Il est reproché à l'arrêt infirmatif attaqué d'avoir condamné la société GOLF ET TENNIS DU HARAS [Adresse 2] à payer à Mme [X] [N] 30.692,36 € de majoration salariale au titre du travail le dimanche et les jours fériés entre le 1er janvier 2009 et le 11 février 2014, outre 3.069,24 € de congés payés afférents ; Aux motifs que : « Sur la compensation financière pour travail habituel le dimanche et les jours fériés Madame [X] [N] indique qu'elle a travaillé tous les dimanches et jours fériés.
En application de l'article 5.6 de la convention collective nationale du golf qui prévoit que le travail dominical est possible à condition de « mentionner cette contrainte liée à l'organisation du temps de travail », elle demande le payement de la somme de 105 euros par jour établie à partir de sa base journalière de 83,79 euros, soit la somme de 105 euros multipliée par 57 jours, composés de 47 dimanches et 10 jours fériés.
Elle indique que cette clause ne figure pas dans son contrat de travail qui n'évoque pas la question du travail les dimanches, même après l'application de la convention collective nationale du golf en 2011.

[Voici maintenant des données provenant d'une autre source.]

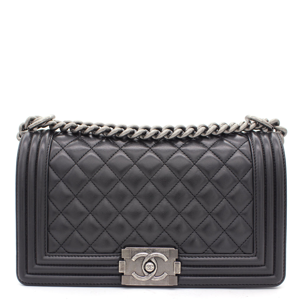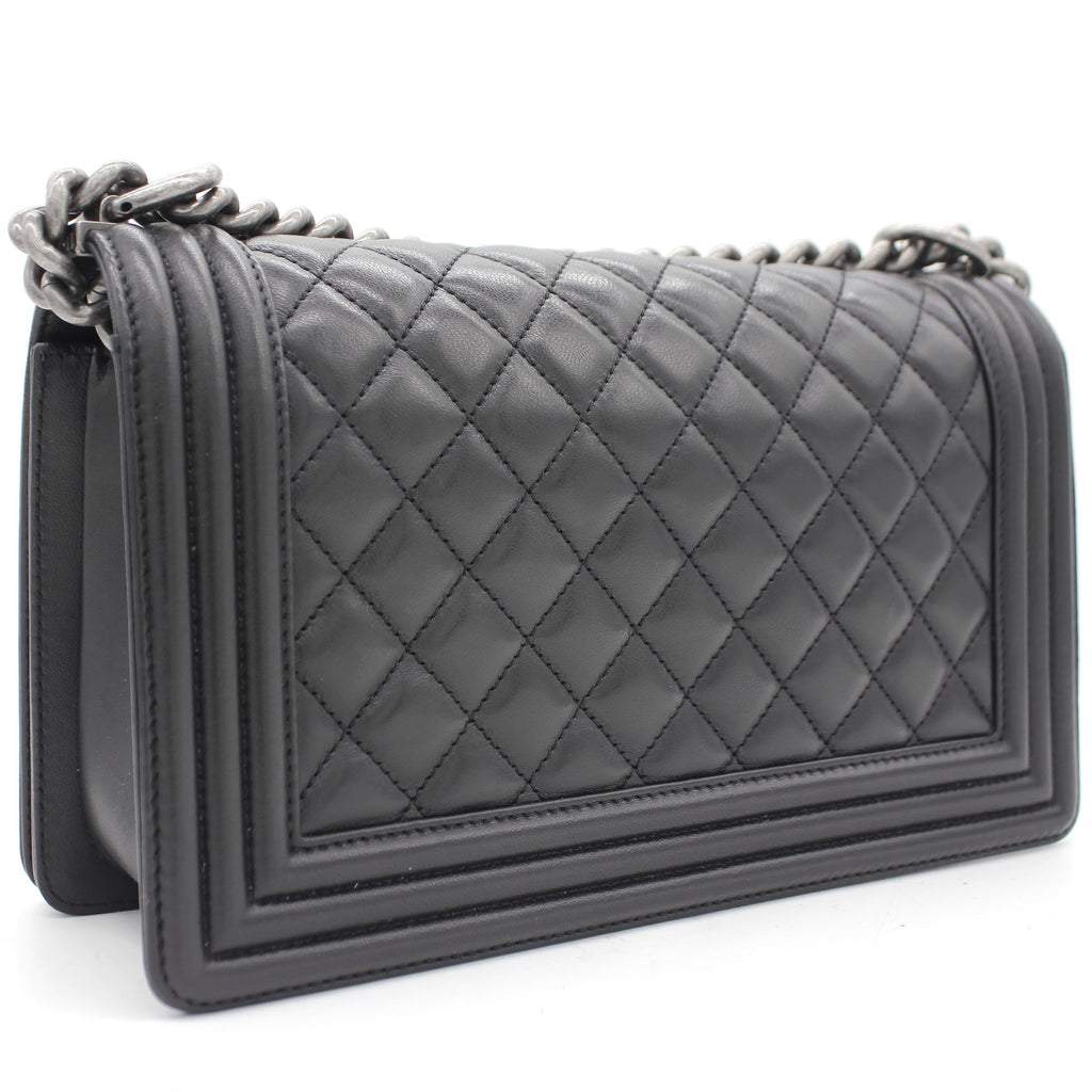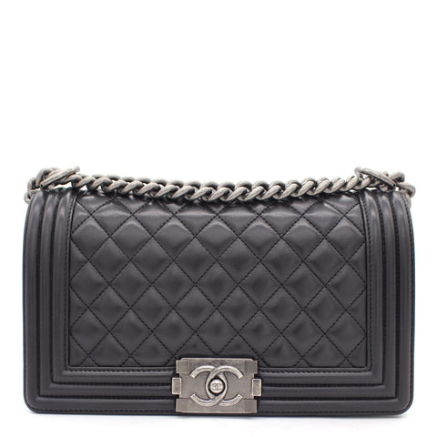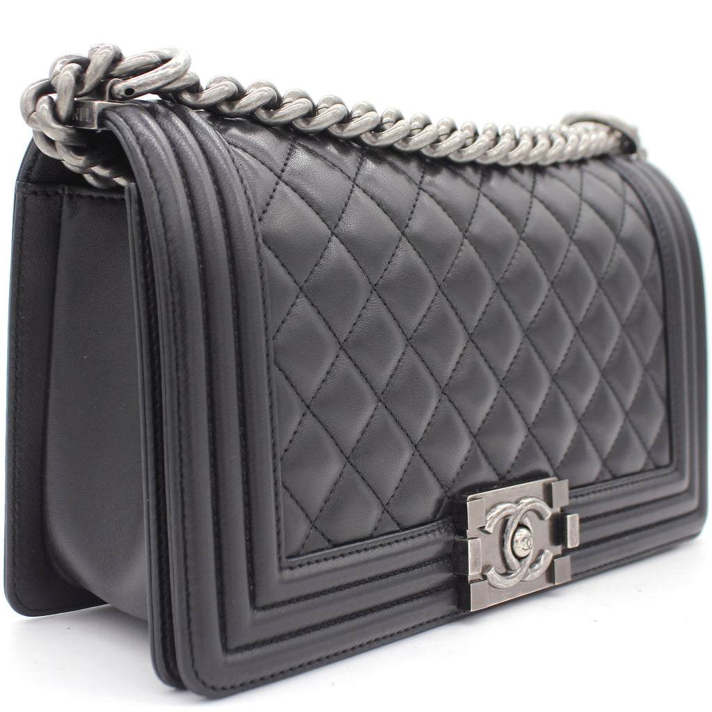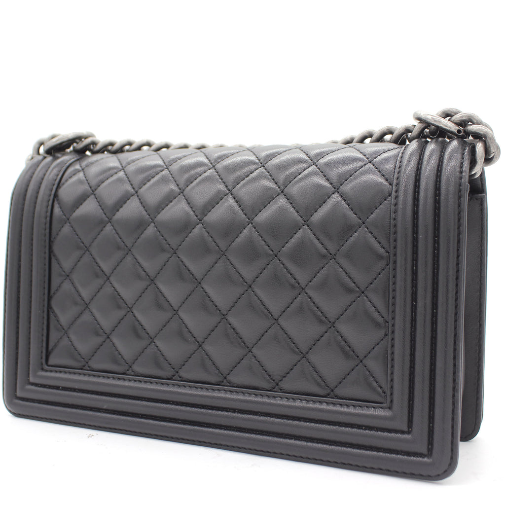 Black double-stitched quilted leather Chanel Medium Boy Bag with silver-tone hardware, convertible chain-link shoulder strap with leather shoulder guard, tonal grosgrain interior lining, single slip pocket at interior wall and CC push-lock closure at front flap.

Face aux arguments de la société, elle fait valoir notamment que l'employeur n'explique pas en quoi la convention collective des parcs de loisirs autorisait cette pratique sans mention au contrat de travail et sans rémunération particulière.
Elle présente sa demande, à titre principal, au titre de la compensation financière et, à titre subsidiaire, au titre de la majoration salariale.
La S.N.C.
GOLF ET TENNIS DU HARAS [Adresse 2] s'oppose à l'application de la convention collective nationale du golf en sa version antérieure à 2005.